DATA SHOWN:

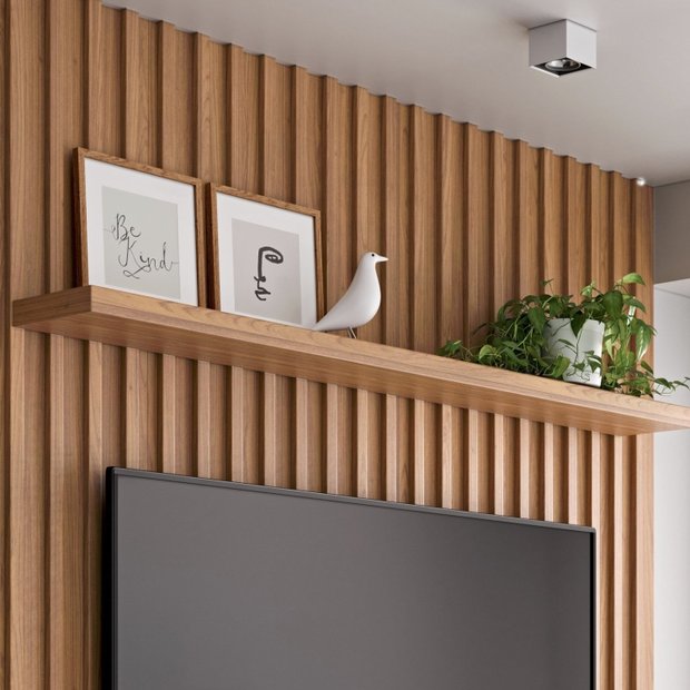Prateleira em mdf 180cm , acabamento pintura UV cor freijó madeirado fosco, este produto deve ser utilizado em um dos nossos painéis ripados referencia PA 72 - PA 73 - PA74 ou PA75, excelentes para decoração de ambientes
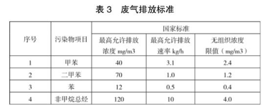 廢氣排放執(zhí)行國(guó)家《大氣污染物綜合排放標(biāo)準(zhǔn)》(GB16297-1996)表3中的(國(guó)家二級(jí),排氣筒標(biāo)高15m)標(biāo)準(zhǔn):
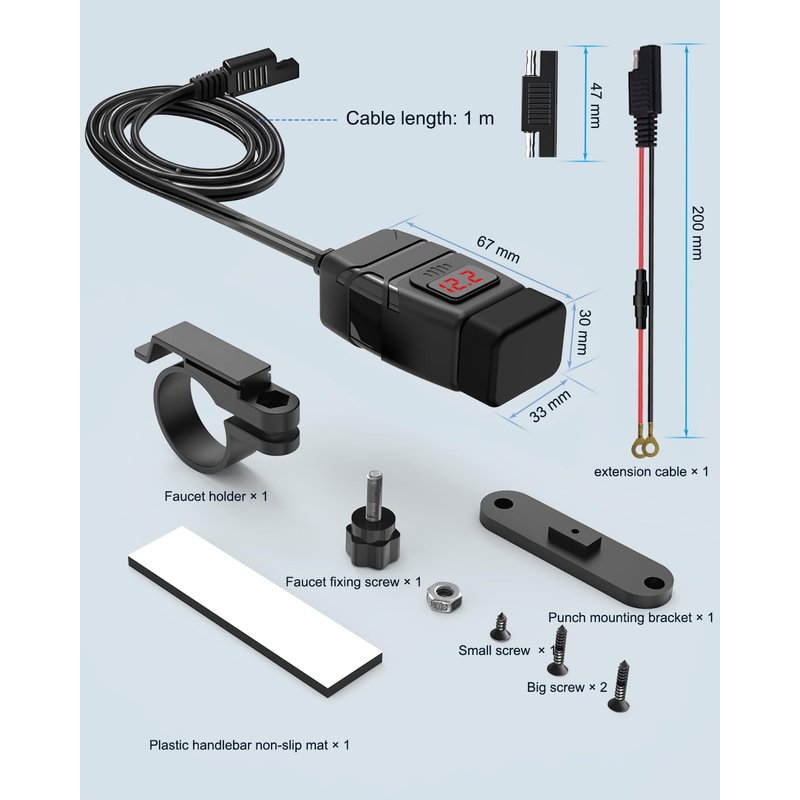 - Motorcycle SAE to USB charger - The product is designed with one SAE interface, which can be used directly with the original SAE interface, Also equipped with a 10A fuse SAE to ring terminal harness, which can be directly connected to the battery, making the installation more convenient.
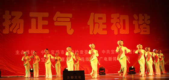10月20日下午,由中共宝鸡市纪委、宝鸡市委宣传部、市监察局、市文化广电新闻出版局联合举办的“扬正气,促和谐”宝鸡市反腐倡廉文艺演出在工人文化宫隆重举行。来自市歌舞团、市话剧团、市人民剧团和凤县旅游局等单位的演职人员为千余名机关公务人员表演了《百姓爱那清廉的官》、《红叶赞》、《反腐倡廉颂清风》等 精彩的节目。整场演出以舞蹈、快板、小品、诗朗诵等丰富多彩的形式宣传反腐倡廉、弘扬社会正气,赢得了现场观众一阵阵热烈的掌声。
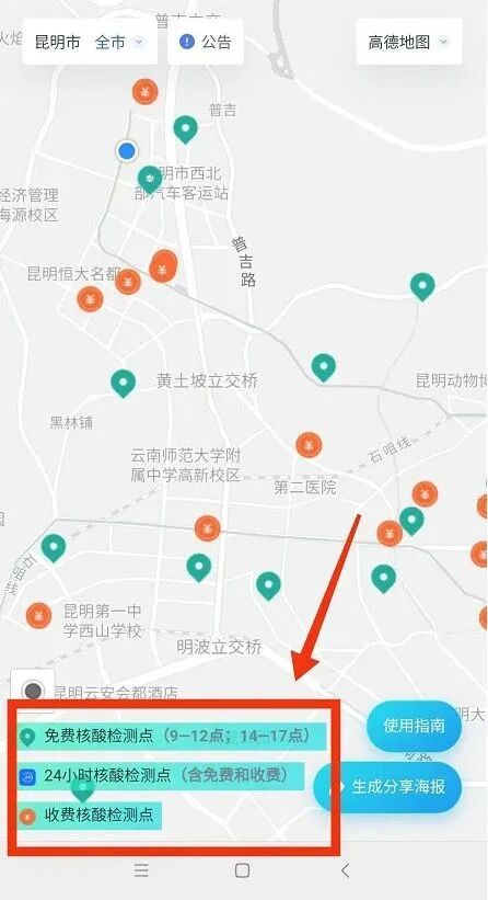 提醒广大在昆群众:在《昆明市免费核酸检测点地图》中可以查询以下三大类核酸检测点,群众可按需选择,在地图上找到离自己最近的核酸检测点。点进单个点位,可实现一键导航,一键拨号咨询。免费核酸检测点不提供纸质报告,仅在云南健康码中显示检测结果。如需纸质报告,请到医院或者单人单采的检测机构进行核酸检测。
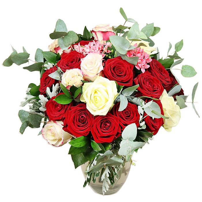 Brighten someone's day with our charming bouquet, showcasing a delightful blend of red and white roses, paired with fresh eucalyptus and colorful bouvardia. This arrangement is perfect for expressing love and appreciation.
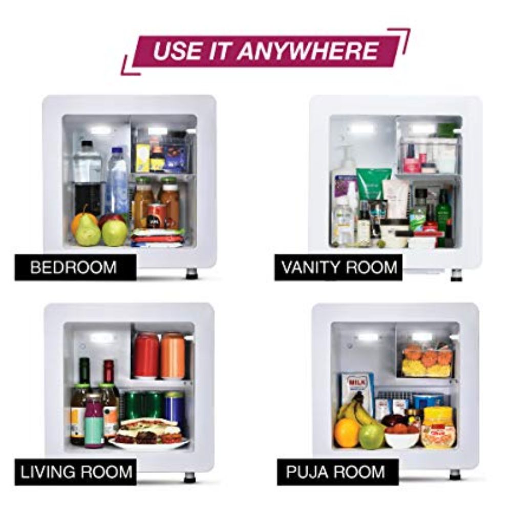 - Mini fridge: Food, beverage and cosmetic cooler with No Defrosting required; well suited for a wide variety of applications - from hotels to homes, PGs to offices and shops, puja rooms to vanity rooms, living rooms to kitchen

WORK ORDER:
In the records above, find the line containing "廢氣排放執(zhí)行國(g" and the line containing "Brighten someone's day", then give both of them again word for word along with every line between. Omit any pictures.

TASK SOLUTION:
 廢氣排放執(zhí)行國(guó)家《大氣污染物綜合排放標(biāo)準(zhǔn)》(GB16297-1996)表3中的(國(guó)家二級(jí),排氣筒標(biāo)高15m)標(biāo)準(zhǔn):
 - Motorcycle SAE to USB charger - The product is designed with one SAE interface, which can be used directly with the original SAE interface, Also equipped with a 10A fuse SAE to ring terminal harness, which can be directly connected to the battery, making the installation more convenient.
10月20日下午,由中共宝鸡市纪委、宝鸡市委宣传部、市监察局、市文化广电新闻出版局联合举办的“扬正气,促和谐”宝鸡市反腐倡廉文艺演出在工人文化宫隆重举行。来自市歌舞团、市话剧团、市人民剧团和凤县旅游局等单位的演职人员为千余名机关公务人员表演了《百姓爱那清廉的官》、《红叶赞》、《反腐倡廉颂清风》等 精彩的节目。整场演出以舞蹈、快板、小品、诗朗诵等丰富多彩的形式宣传反腐倡廉、弘扬社会正气,赢得了现场观众一阵阵热烈的掌声。
 提醒广大在昆群众:在《昆明市免费核酸检测点地图》中可以查询以下三大类核酸检测点,群众可按需选择,在地图上找到离自己最近的核酸检测点。点进单个点位,可实现一键导航,一键拨号咨询。免费核酸检测点不提供纸质报告,仅在云南健康码中显示检测结果。如需纸质报告,请到医院或者单人单采的检测机构进行核酸检测。
 Brighten someone's day with our charming bouquet, showcasing a delightful blend of red and white roses, paired with fresh eucalyptus and colorful bouvardia. This arrangement is perfect for expressing love and appreciation.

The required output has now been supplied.